INPUT RECORDS →
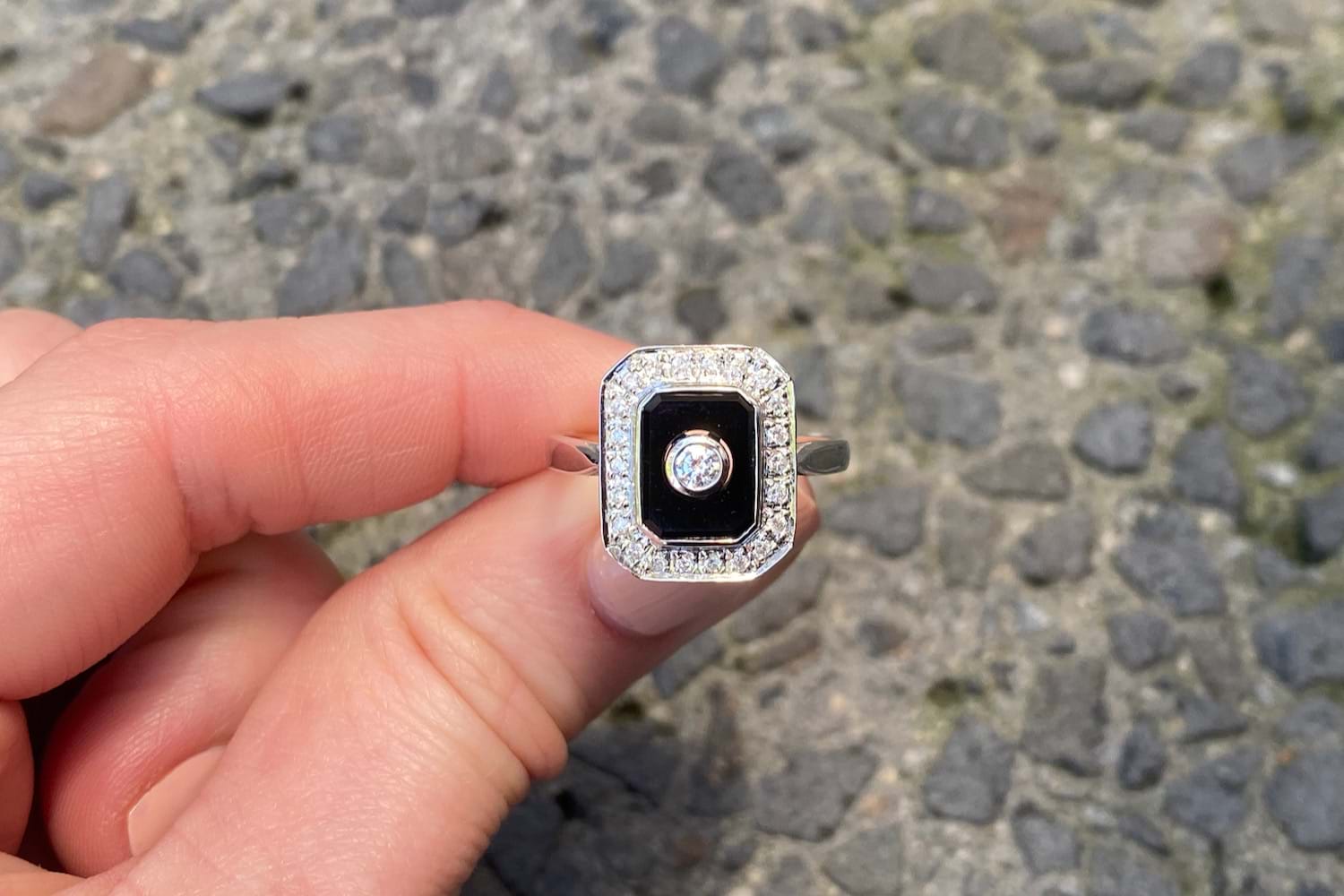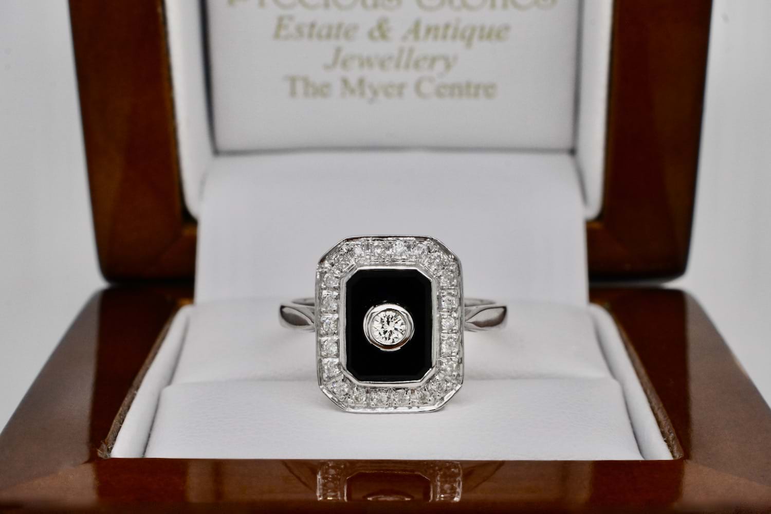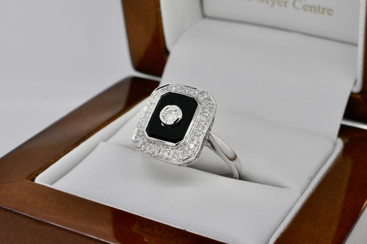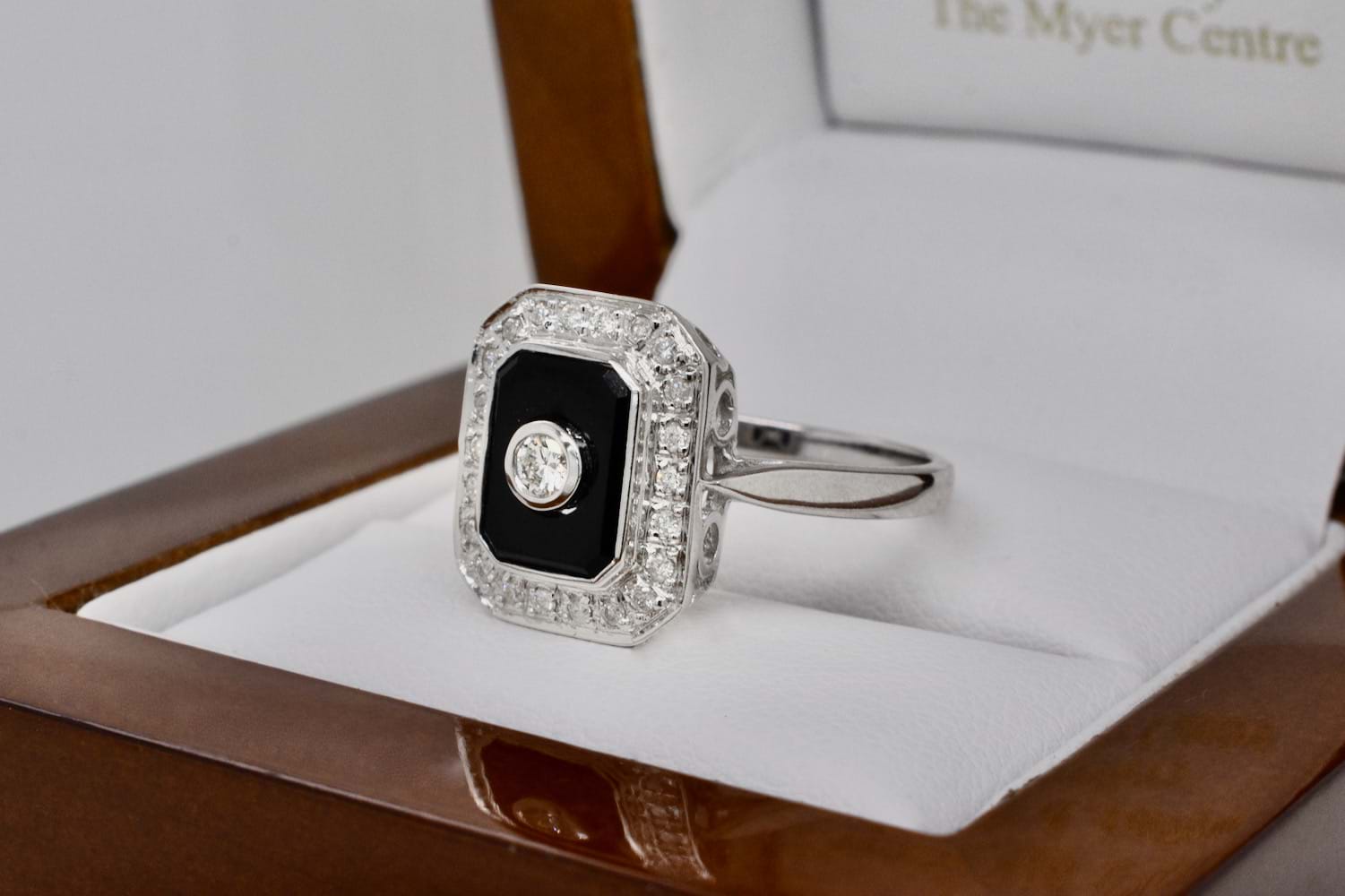 SOLD 9ct White Gold Onyx & 0.29ct Diamond Ring
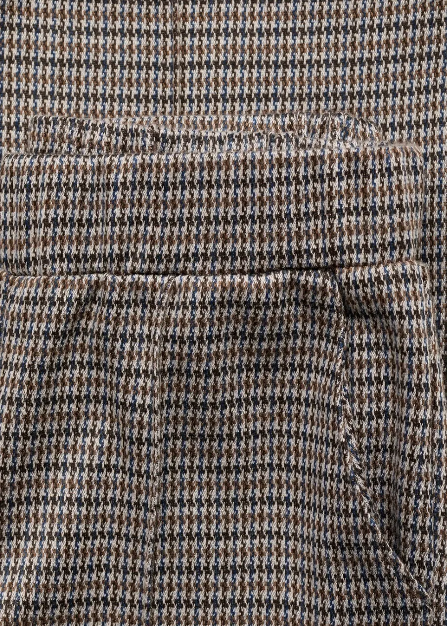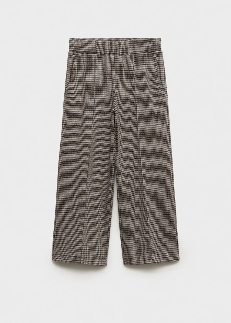 Deseń kurza stopka. Fason culotte. Elastyczna gumka. Dwie kieszenie boczne.
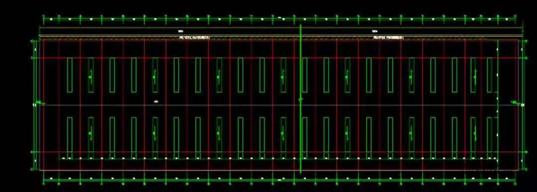 舊熟料堆棚長約 165.5,寬 45 米,高 12 米的料倉。沿兩邊立柱上方跨梁噴設(shè),跨梁共計數(shù)量 24 個、鋪設(shè) 23 個,共計長度約 1035 米。
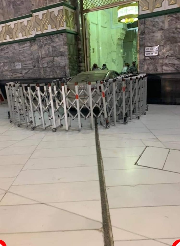 وتحركت السيارة على نحو مُسرع في الساحات الخارجية للحرم المكي، بينما أسرع رجال الأمن للحاق بها،
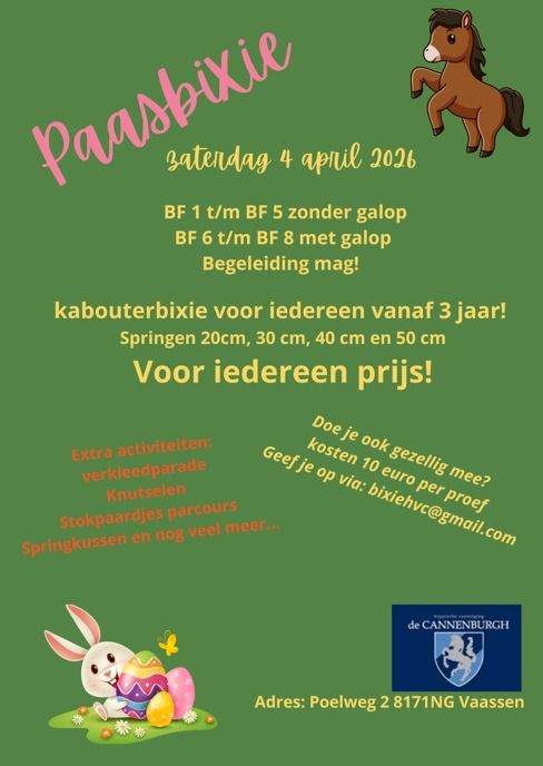 Opgeven kan via bixiehvc@gmail.com. Heb je geen (verzorg)pony? Ook dan ben je welkom voor leuke spelletjes, eieren zoeken, stokpaardjes race en nog veel meer! Delen van dit bericht mag
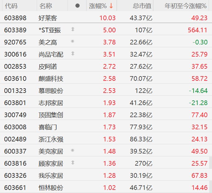 格隆汇12月2日|A股家具板块普涨,其中,好莱客10CM涨停,*ST亚振涨5%涨停,美之高、尚品宅配涨超3%,皮阿诺、麒盛科技、慕思股份涨超2%。
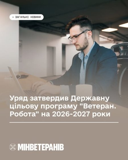 Кабінет міністрів України схвалив державну цільову програму «Ветеран.Робота» на 2026-2027 роки, розроблену Мінветеранів. Про це повідомила пресслужба міністерства.
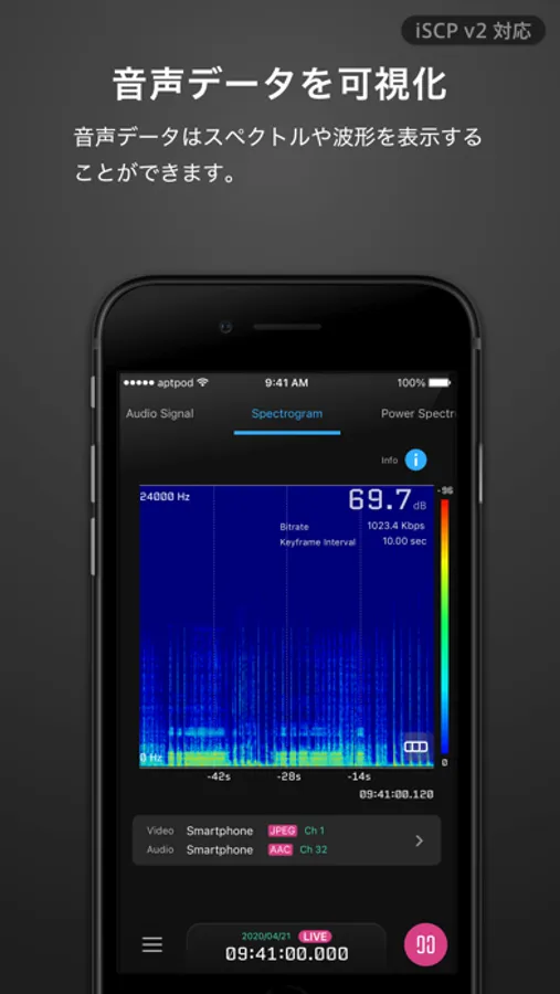 マイクデバイスからの音声データの再生や可視化にも対応しています。

WORK REQUIRED →
Nothing but the lines from the one with "Opgeven kan via" through the end of the entries above, both included, should be set down, exactly and without pictures.

ANSWER FOR THE TASK →
 Opgeven kan via bixiehvc@gmail.com. Heb je geen (verzorg)pony? Ook dan ben je welkom voor leuke spelletjes, eieren zoeken, stokpaardjes race en nog veel meer! Delen van dit bericht mag
 格隆汇12月2日|A股家具板块普涨,其中,好莱客10CM涨停,*ST亚振涨5%涨停,美之高、尚品宅配涨超3%,皮阿诺、麒盛科技、慕思股份涨超2%。
 Кабінет міністрів України схвалив державну цільову програму «Ветеран.Робота» на 2026-2027 роки, розроблену Мінветеранів. Про це повідомила пресслужба міністерства.
 マイクデバイスからの音声データの再生や可視化にも対応しています。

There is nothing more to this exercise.